Over all I like the Two Face palette, I just do not like the lipglosses but the shadows are very nice


----------



## SiCiLyGiRl (May 20, 2008)

wow great stuff!


----------



## glam8babe (May 20, 2008)

lovely collection


----------



## newagetomatoz (Jun 1, 2008)

You have such an awesome collection!!  I so want to steal your shadows and brushes!!  Plus, your vanity is incredible cute!


----------



## aziajs (Jun 1, 2008)

How cute!


----------



## iluffyew769769 (Jun 1, 2008)

You have a great collection!!! I'm jealous!


----------



## talste (Jun 2, 2008)

phew, seeing your collection makes me feel less guilty about the money spent on mine 
	

	
	
		
		

		
		
	


	




 I need to show my hubby the traincase threads one day and say "see, I'm really not that bad"


----------



## concertina (Jun 2, 2008)

NICE!! That is a lipstick collection to be envious of, for sure!

What is that perfume with the pink dot on top?
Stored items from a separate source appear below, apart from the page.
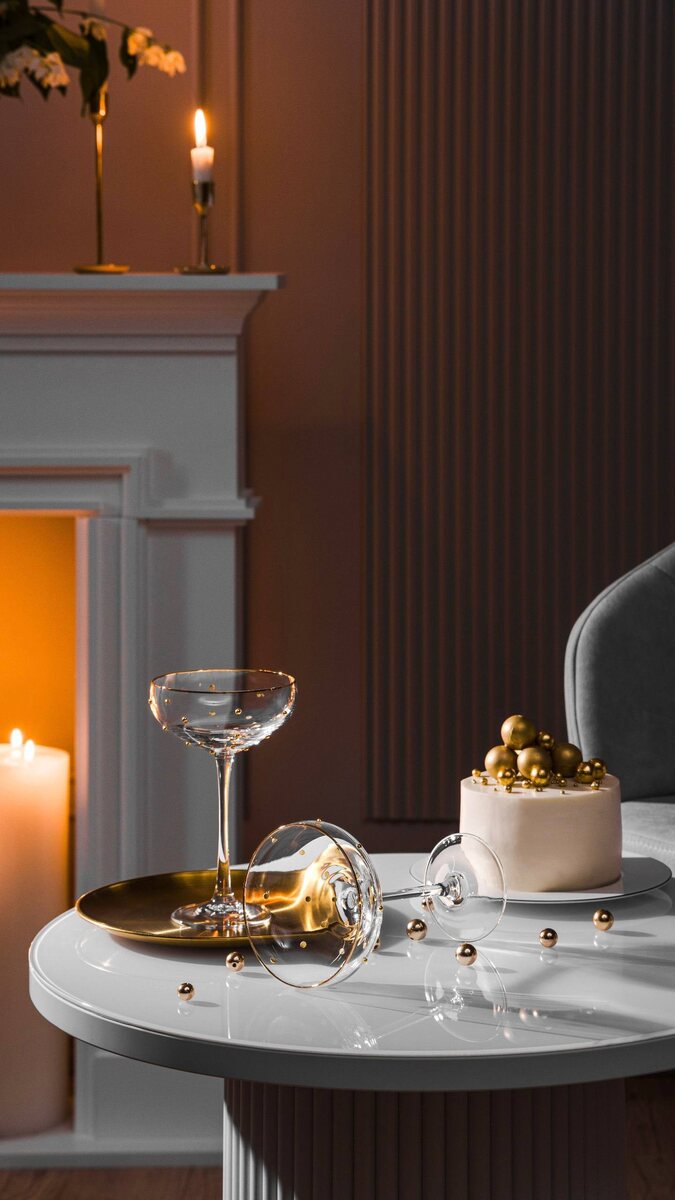 - изящные бокалы-флюте для шампанского.
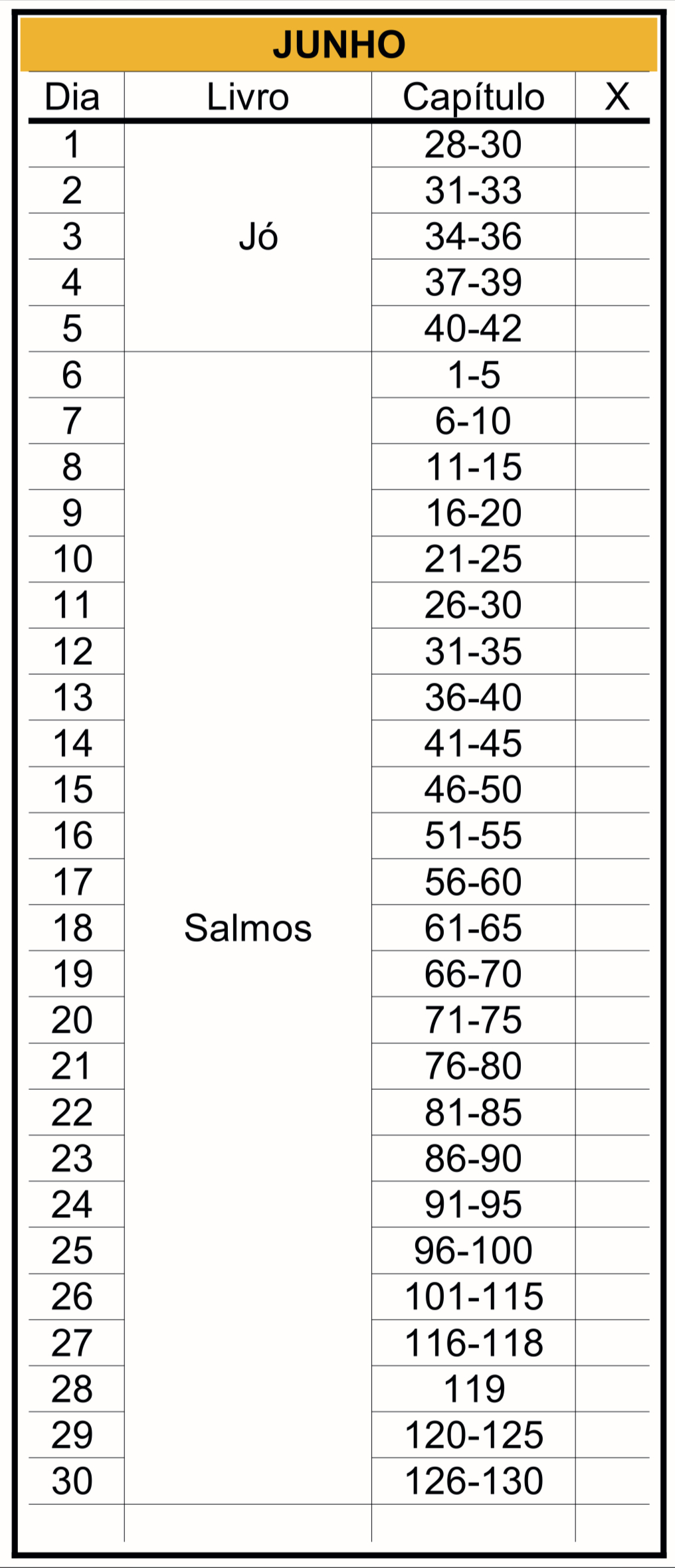 Acompanhe o cronograma de leitura bíblica anual da sua igreja.
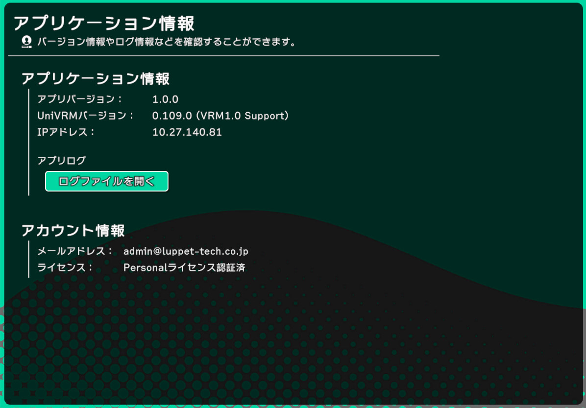 LuppetXや搭載されているUniVRMの情報を表記しています。
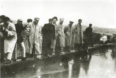 ◆1958年,余秋里在四川川中地区观看油田喷油。
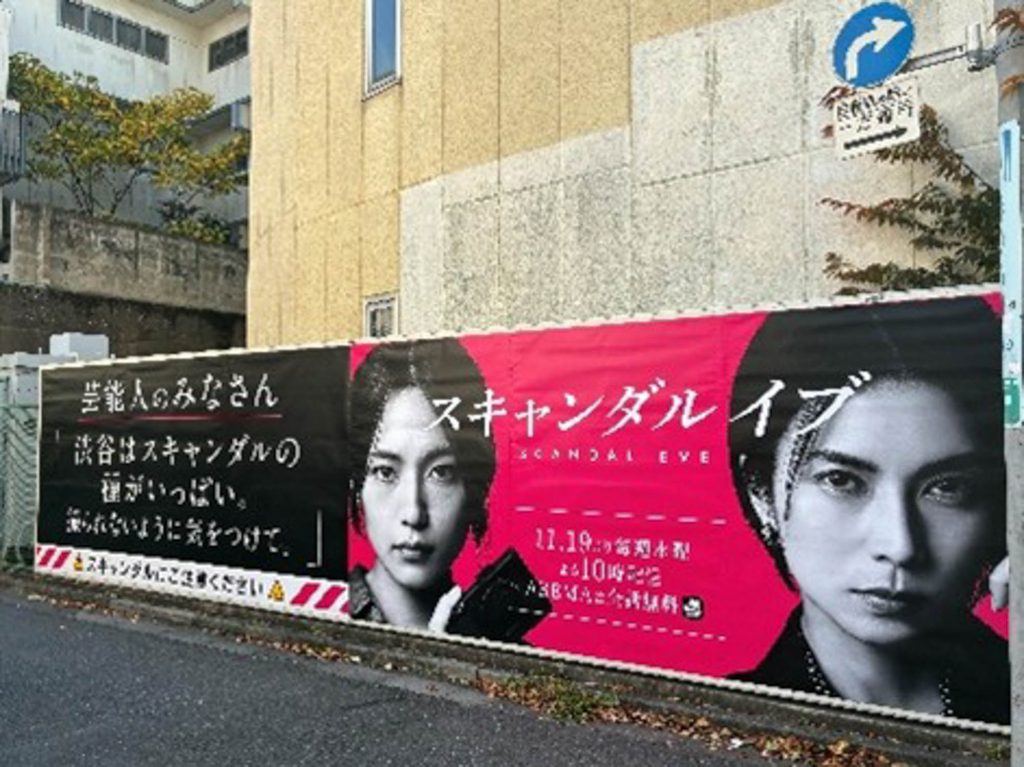 本作で芸能界のスキャンダルが描かれていることにちなんで、渋谷や恵比寿、六本木といった街に芸能人に向けたスキャンダル警告の屋外広告の掲出を開始。渋谷では「渋谷センター街ヒットビジョン」や「MAGNET by SHIBUYA109ウォールジャック Bプラン」、六本木では「六本木SEISHIDO VISION」などで掲出中。また、東京だけではなく福岡や、大阪では「ツタヤエビスバシヒットビジョン」などに掲出。他にも様々な駅構内や電車内にも掲出されている。
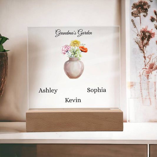 Grandma's Garden Acrylic Square Plaque | Personalize Names and Flowers
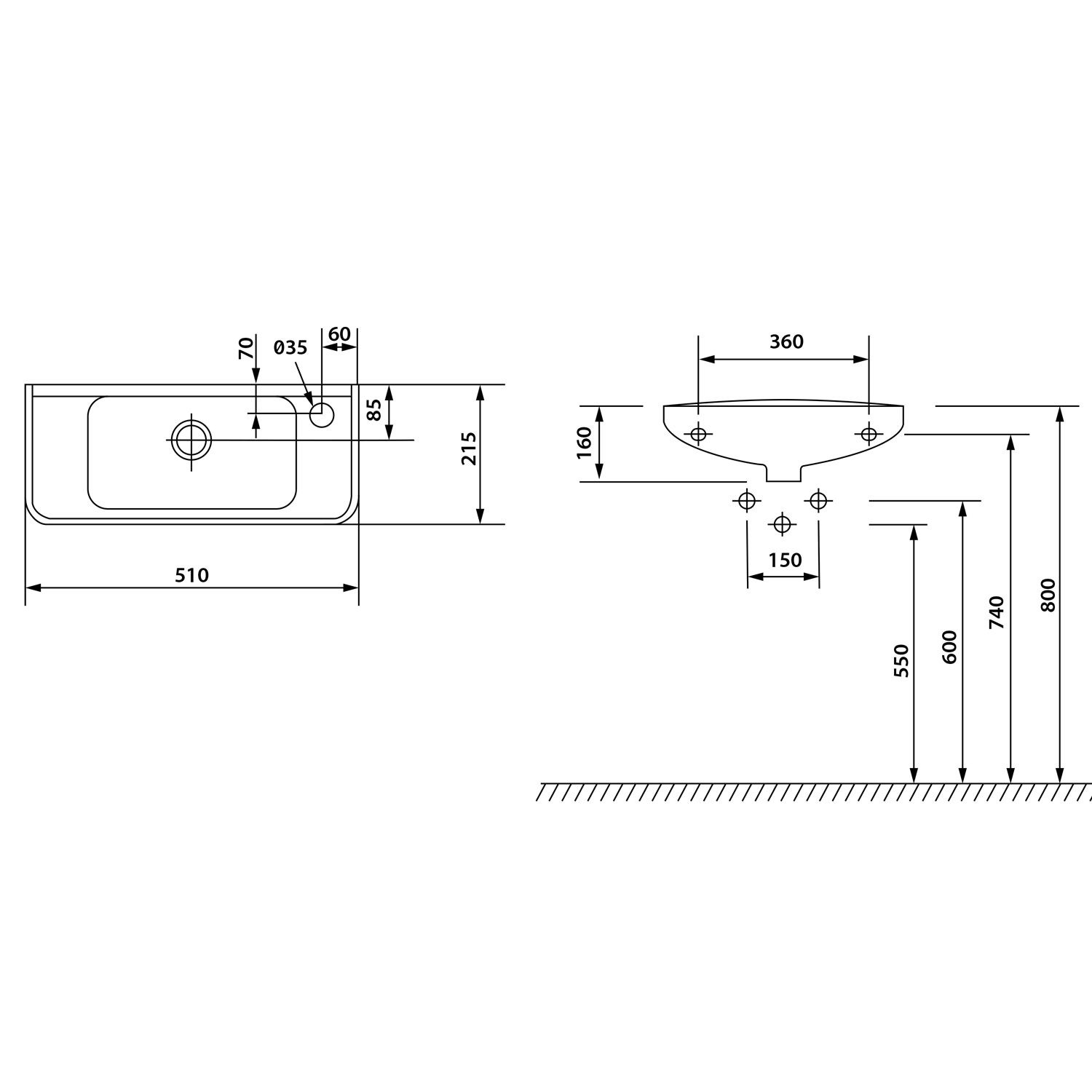 AL565 SMALL ALABAMA öntöttmárvány mosdó, jobbos, 36x11x23cm,
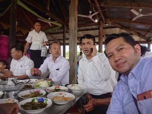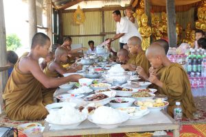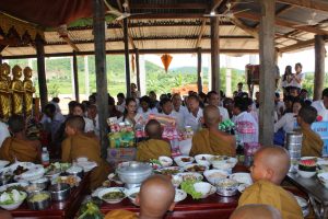វត្តមុន្នីសុខារាម (ហៅវត្តភ្នំទុំពូង) នៅភូមិកំពង់ចិន ឃុំស្ទឹងកែវ ស្រុកទឹកឈូ កំពត។ ឮថាមានការខ្វះខាតយ៉ាងខ្លាំង ហើយមិនសូវមានពុទ្ធបរិស័ទ្ធចូលកាន់វេនបិណ្ឌប៉ុន្មានទេ ដូច្នេះ ក្រុមការយើងខ្ញុំបានដឹកនាំយក គ្រឿងបរិភោគខ្លះ ទៅប្រគេនព្រះសង្ឃដែលគង់ចាំព្រះវស្សាអស់កាលជាយូមកហើយ។![]()
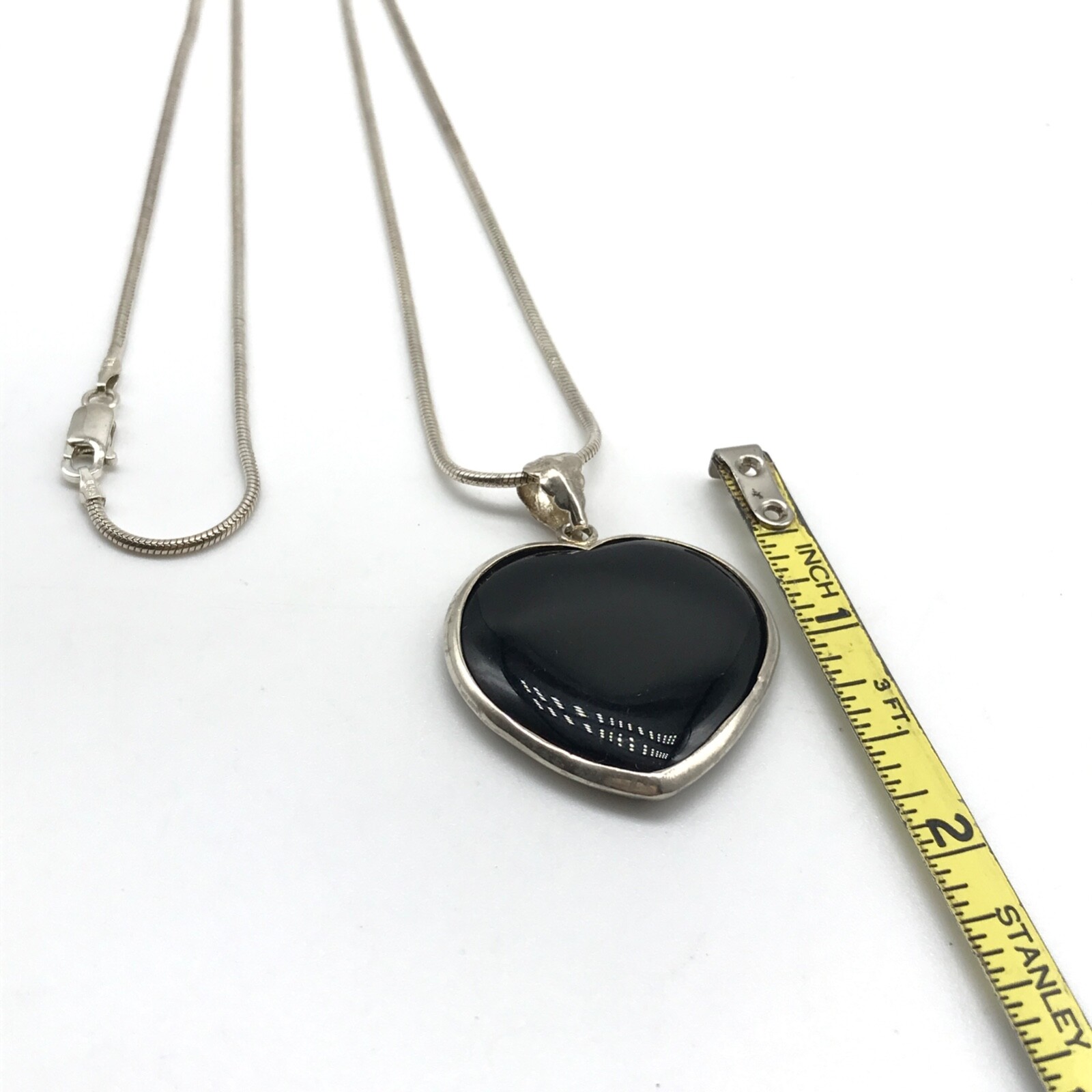 Vintage Solid 925 Sterling Silver Black Onyx Heart Pendant On Chain Necklace 24" I tem details: Chain length: 24" Pendant size: 1.70" long by 1.25" wide Weight: 19.8 grams Marking: 925 - Please note, most of my store's items are vintage or pre-owned. Most items are in very good/good estate condition, but please also view all pictures. Well cared for. All sterling silver is marked 925 or tested. Please feel free to ask any other questions you may have! I also combine shipping. - Jewelry is shipped packaged securely with a gift box or pouch . - I typically will ship same or next business day! - Thank you so much for shopping with me and please check out my other jewelry listings, I post new items daily!
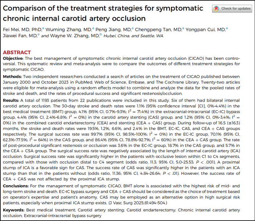 在血管外科的临床决策中,颈动脉慢性完全闭塞(CCAO)的诊疗一直存在着明显的二元对立:症状性患者积极干预,无症状患者保守治疗。
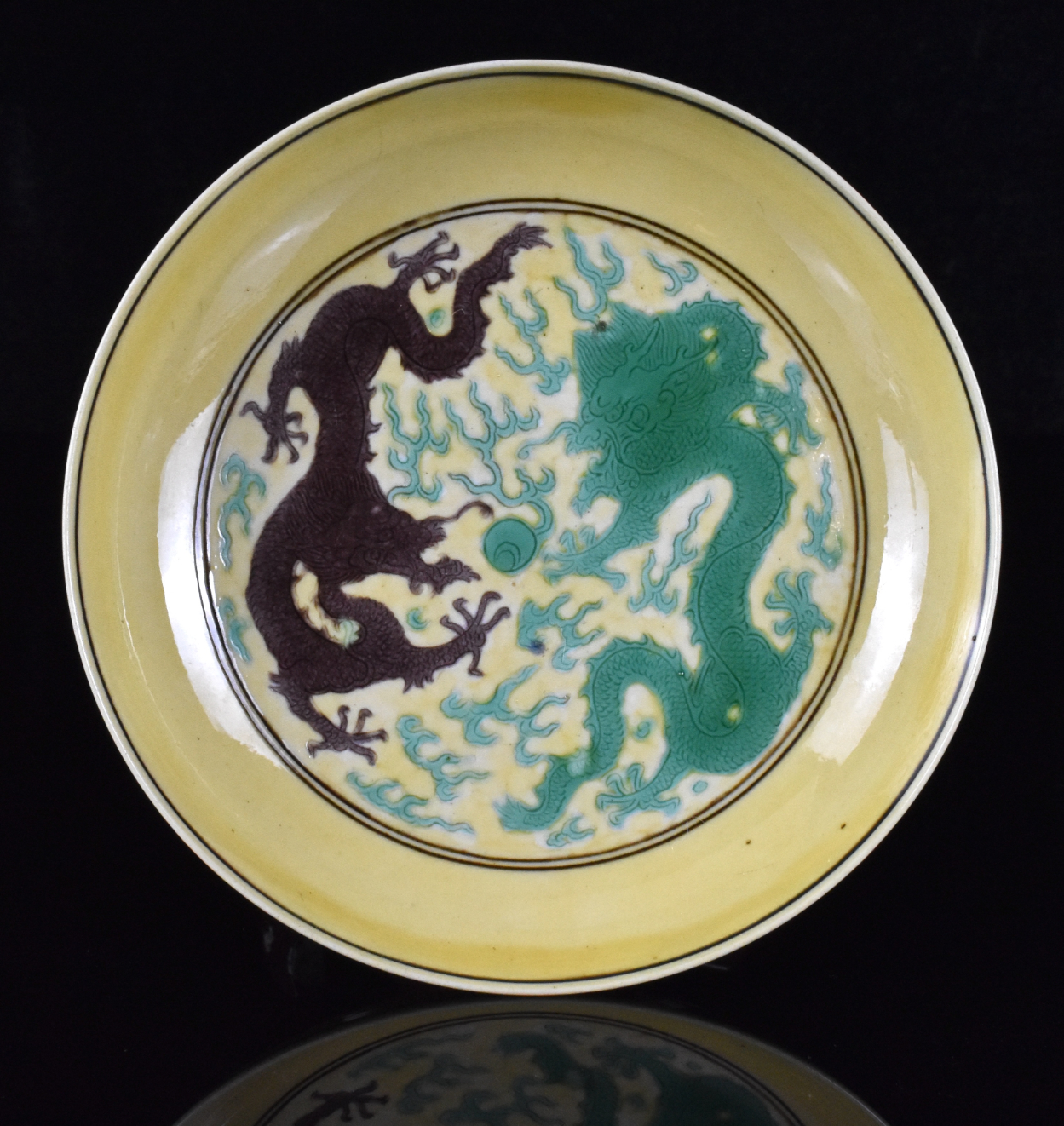 清 黄地绿紫彩云龙纹盘
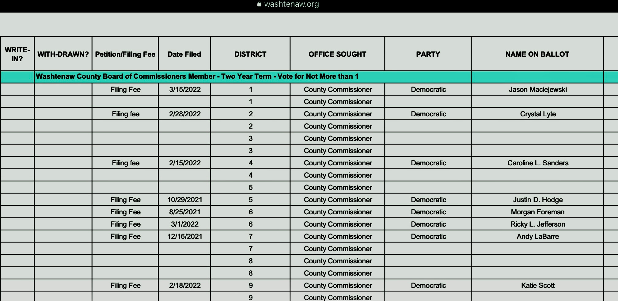 Others who’ve filed for re-election include longtime commissioner Andy LaBarre from Ann Arbor, who in part represents the geographic area known as East Ann Arbor. Jason Maciejewski is running again in District 1 which covers Chelsea and Scio Township. Katie Scott has thrown in again to represent District 9 on the west side of Ann Arbor. Sue Shink is running for state senate in another newly created district and Crystal Lyte, current Eastern Washtenaw County Democratic Party chair, looks to run in District 2 covering Whitmore Lake, much of Barton Hills and rural Webster Township.

Its a roundish bottle with a black lid, topped with the pink dot. It looks so familiar!


----------



## Twinkle_Twinkle (Jun 2, 2008)

I see you have NYX blushes.  Are they any good/do you like them?  And which shades do you have.  And great collection!


----------



## KittieSparkles (Jun 8, 2008)

Quote:

   Originally Posted by *concertina* 

 
_NICE!! That is a lipstick collection to be envious of, for sure!

What is that perfume with the pink dot on top? Its a roundish bottle with a black lid, topped with the pink dot. It looks so familiar!_

 

That is YSL's Paris <3


----------



## KittieSparkles (Jun 8, 2008)

Quote:

   Originally Posted by *Twinkle_Twinkle* 

 
_I see you have NYX blushes. Are they any good/do you like them? And which shades do you have. And great collection!_

 

I have Copper, Dusty Rose and Desert Rose. I love to use a compination of Dusty Rose and Copper. I did not like Desert Rose too much, makes me look like a hooker... hehehehe...

Over all I like them. For the price they are really good and super pigmented. I have not been able to get anymore because every time I head to Ulta they are sold out.


----------



## ~Zoe~ (Jun 10, 2008)

Pretty collection, I love your vanity! 
Where did you get those gorgeous boxes that hold your brushes?


----------



## nunu (Jun 10, 2008)

love your collection!


----------



## KittieSparkles (Jun 11, 2008)

Quote:

   Originally Posted by *~Zoé~* 

 
_Pretty collection, I love your vanity! 
Where did you get those gorgeous boxes that hold your brushes?_

 

I got them at the dollar store during christmas. 
	

	
	
		
		

		
		
	


	




 They are actually votive candle holders. I have seem similar ones at craft stores.


----------



## animacani (Nov 25, 2008)

What are the blushes you have in your palette? Loves them <3


----------



## emeraldjewels (Nov 25, 2008)

great collection!


----------



## TamiChoi (Dec 2, 2008)

i want your collection! ... with the heatherette lippies


----------



## Cindy1969 (Dec 4, 2008)

Great collection !!! I love it !


----------



## MissCrystal (Dec 4, 2008)

i love all those eye penciles .... great collection


----------



## Ms.Matashi (Dec 4, 2008)

Great collection and I love your vanity!!!


----------